(Reuters) – Russia’s economy cannot survive indefinitely on its financial reserves and will have to transform itself to deal with the impact of international sanctions, Central Bank Governor Elvira Nabiullina said on Monday.
In her most significant speech since Russia sent its forces into Ukraine on Feb. 24, Nabiullina said it would take until 2024 to bring inflation back to its 4% target.
“The period when the economy can live on reserves is finite.

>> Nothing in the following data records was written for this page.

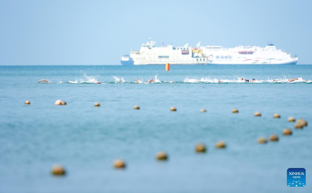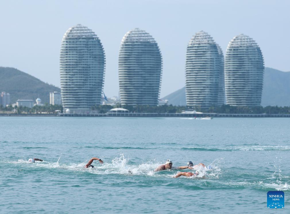 Swimmers compete during the open water swimming men's 5km at the 6th Asian Beach Games in Sanya, south China's Hainan Province, April 26, 2026. (Xinhua/Bei He)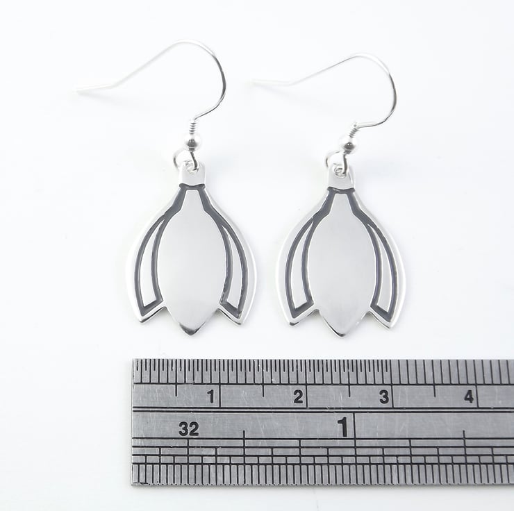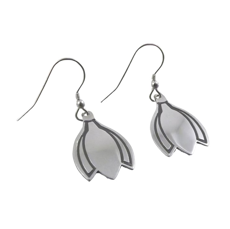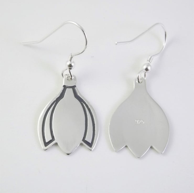 These snowdrop drop earrings have been made from sterling silver sheet and is etched before being cut out by hand. The edges are then smoothed using files and emery paper before they're given their shape using a punch and hammer. A grey resin based enamel is added to the etched areas and then the earrings are polished. Finally, the snowdrops are attached to ear wires.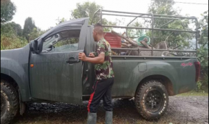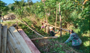 Bengkayang – Anggota TMMD 111/ Kodim 1202/Skw Serda Samuel Slamet, melaksanakan Komunikasi Sosial (komsos) dengan perangkat Desa Sentangau Jaya, Kecamatan Seluas, Kabupaten Bengkayang, Selasa (15/6/2021).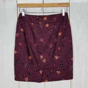 Ann Taylor LOFT Maroon Pink/orange floral Print Mini Skirt.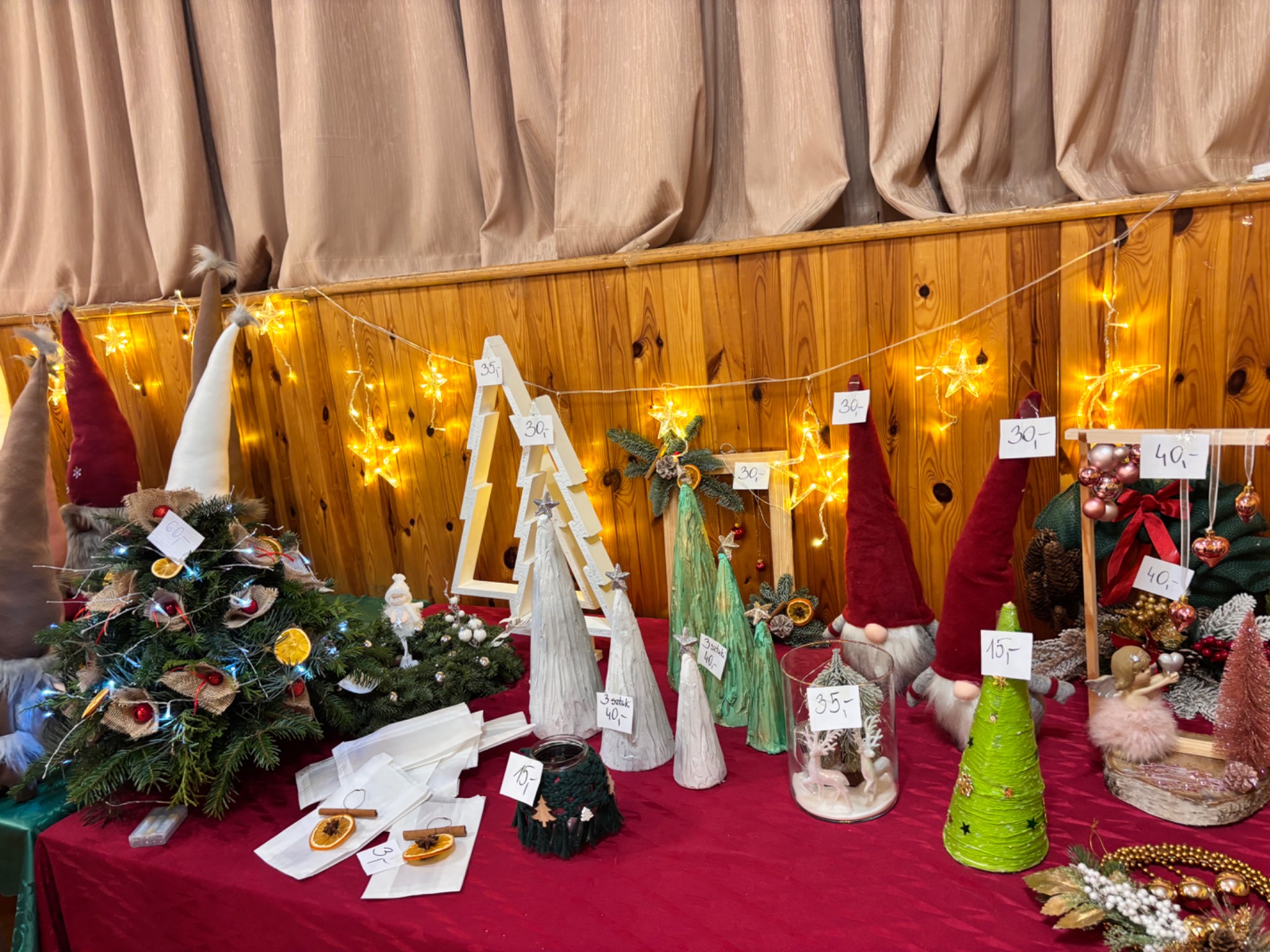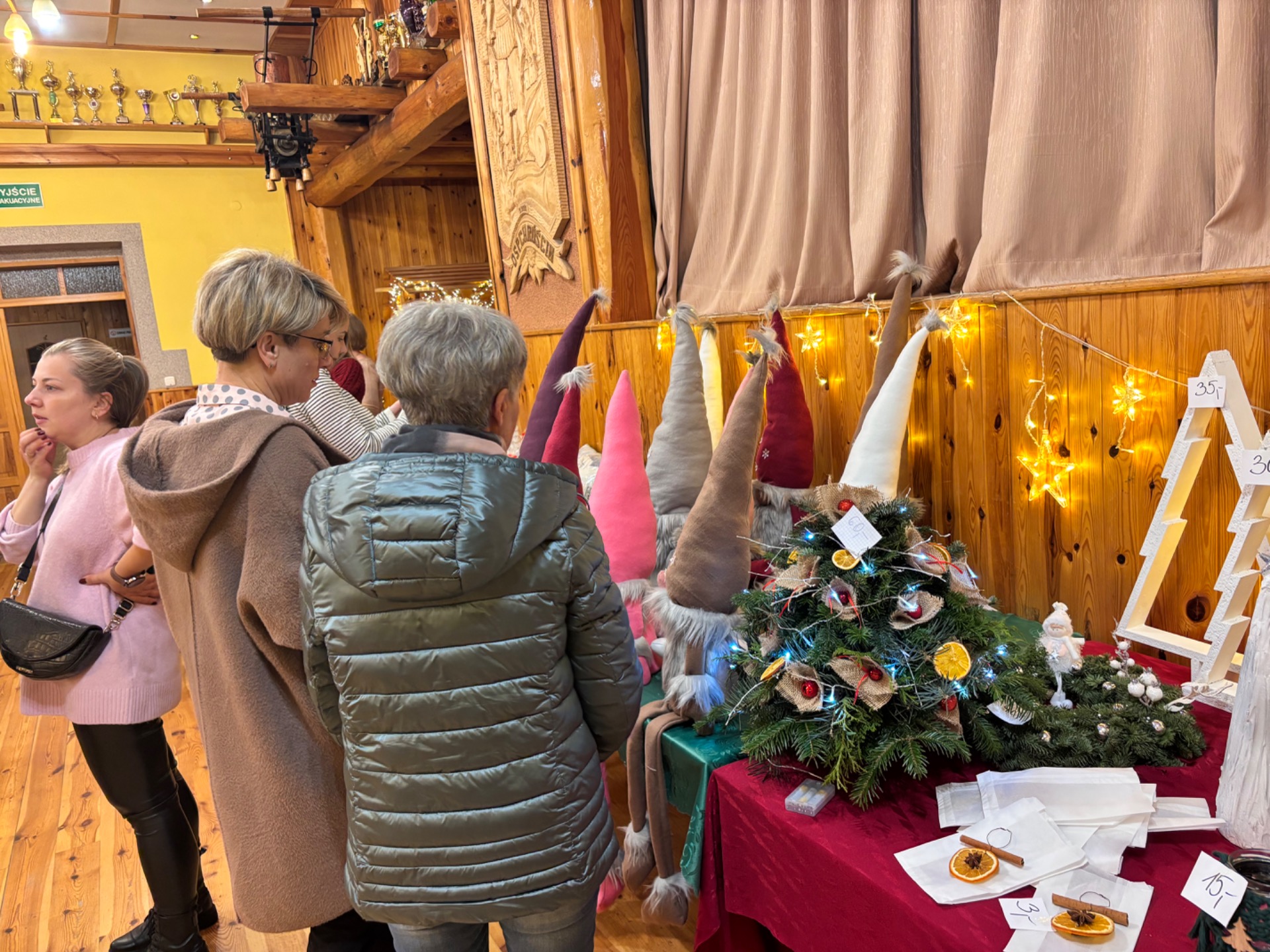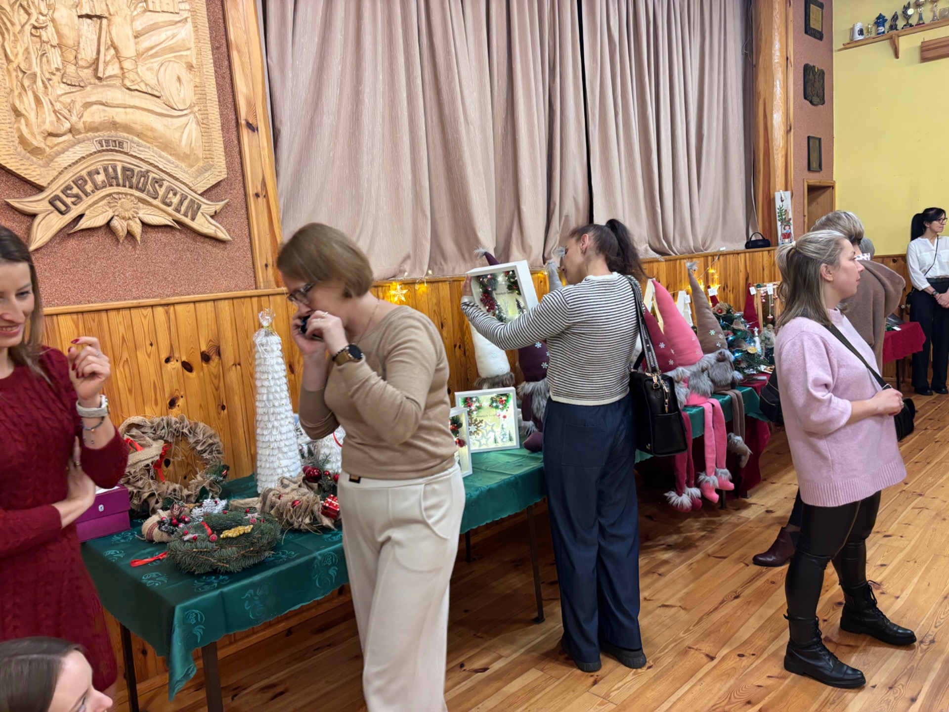 Uczestnicy kiermaszu, którzy mieli ochotę przyjemnie spędzić grudniowe, niedzielne popołudnie, mogli podziwiać i zachwycać się wystawą stroików i ozdób świątecznych,wykonanych przez uczniów szkoły oraz mieszkańców zaprzyjaźnionego Domu Pomocy Społecznej Chróścin – Wieś. Trzeba przyznać, iż kreatywność twórców wszystkich prac zasłużyła na wyrazy uznania, których zresztą nie brakowało, a niejedna z nich stała się inspiracją do tegorocznego, świątecznego wystroju.

And already in the second and third quarter we will enter a period of structural transformation and the search for new business models,” she said.
Sanctions had mainly affected the financial market, “but now they will begin to increasingly affect the economy,” she said.
“The main problems will be associated with restrictions on imports and logistics of foreign trade, and in the future with restrictions on exports.”
She said Russian companies would need to adapt.
“Russian manufacturers will need to search for new partners, logistics, or switch to the production of products of previous generations,” she said.
Exporters would need to look for new partners and logistical arrangements and “all this will take time”, said Nabiullina.
She outlined several measures to help the economy adapt.
The central bank was considering making the sale of forex proceeds by exporters more flexible, she said, and was also testing the issuance of digital roubles to enable Russians to make transfers between digital wallets.
Pilot operations associated with that project were planned in the second half of the year, she said.
The Russian central bank more than doubled its key interest rate to 20% when international sanctions hit, but then cut it this month to 17%, flagging a challenging economic environment and a slowdown in inflation.